Either choice has consequences. Funding the government means people will lose healthcare. But not funding the government until the Republicans decide to blow up the filibuster means people still don’t have affordable healthcare, but we also have a badly broken government from being nonfunctioning for so long, and a severely harmed vulnerable population. And Senate Republicans can finally do the things they’ve wanted to do but couldn’t because of the filibuster:
- Make it difficult to vote
- Make life hell for the trans community
- Kill or maim the Affordable Care Act
- Starve SNAP, and diminish Medicaid even more
- Attack vaccines, prohibit abortions nationally, and kill birth control
- Cut taxes even more for the wealthy
- Destroy most government functionality, particularly the components that regulate commerce and industries
- Undermine academic freedom
- Expand the military and federal police organizations
- Push up the age in which a person can access Social Security and Medicare
Well, the list goes on. All you have to do is listen to the Trump administration folks and Congressional Republicans on Sunday talk shows to see the world they want to create. Or re-read the Project 2025 manifesto.
I used to think that Republicans had enough survival instincts to know that doing all of this will ultimately result in them losing power, but…people voted for Trump a second time. We no longer live in a rational universe.
As much as I think the filibuster harms Democratic goals, thank goodness we have it now.
Once the Republicans turned down the Schumer proposal, we knew there was nothing we could offer that the Republicans wanted. Their entire purpose now is to please Trump, because they see this as the way of holding onto power. And Trump has no problems inflicting maximum harm on the country to get his way, and his way is total domination of Democrats and complete subjugation of the country.

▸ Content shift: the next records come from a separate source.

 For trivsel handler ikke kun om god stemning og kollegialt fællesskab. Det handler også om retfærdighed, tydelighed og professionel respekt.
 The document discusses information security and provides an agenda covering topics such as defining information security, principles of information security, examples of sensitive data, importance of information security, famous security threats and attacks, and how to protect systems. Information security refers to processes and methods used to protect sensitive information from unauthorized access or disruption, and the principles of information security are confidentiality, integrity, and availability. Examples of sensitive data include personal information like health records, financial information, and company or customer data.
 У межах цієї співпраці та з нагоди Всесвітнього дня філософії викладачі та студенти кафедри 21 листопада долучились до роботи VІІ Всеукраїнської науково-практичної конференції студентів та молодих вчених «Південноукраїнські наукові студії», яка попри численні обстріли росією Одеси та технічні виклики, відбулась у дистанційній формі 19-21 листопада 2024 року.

Other than being annoyed because nasty journalists keep asking him questions about it, Trump could care less that the country is shut down. It doesn’t stop him from building monuments to himself. It doesn’t stop his migrant pogrom. It certainly doesn’t stop him funding what he wants to fund, regardless of what Congress does.

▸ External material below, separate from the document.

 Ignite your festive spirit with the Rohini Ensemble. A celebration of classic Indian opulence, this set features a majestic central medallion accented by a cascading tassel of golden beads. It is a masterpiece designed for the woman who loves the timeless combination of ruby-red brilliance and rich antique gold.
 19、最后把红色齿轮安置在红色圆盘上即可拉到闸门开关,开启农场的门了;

It might be satisfying to keep the government shut down because it gives us the illusion we hold Congressional power, but we really don’t. Not unless we’re willing to sacrifice people who need food, who need to be paid, who are under threat of losing cars and homes, because of the shutdown.
The power we do have is our resistance, but never to the point of harming people who don’t deserve to be harmed. But, we can resist much in Congress without harming folks, and we should. We can resist much in the streets, and we will. We can resist when we vote, and we must.
Most importantly, we can remember exactly who it is we are resisting, and never let the pundits tell us otherwise.
When voters see their healthcare double at the end of the year, it won’t be because of a choice eight Democrats made, but because this is the choice 52 Republicans made. When people get their SNAP benefits, federal workers get their jobs back and get paid, and the country is functioning again, it won’t be because 52 Republicans voted, but because eight Democrats did.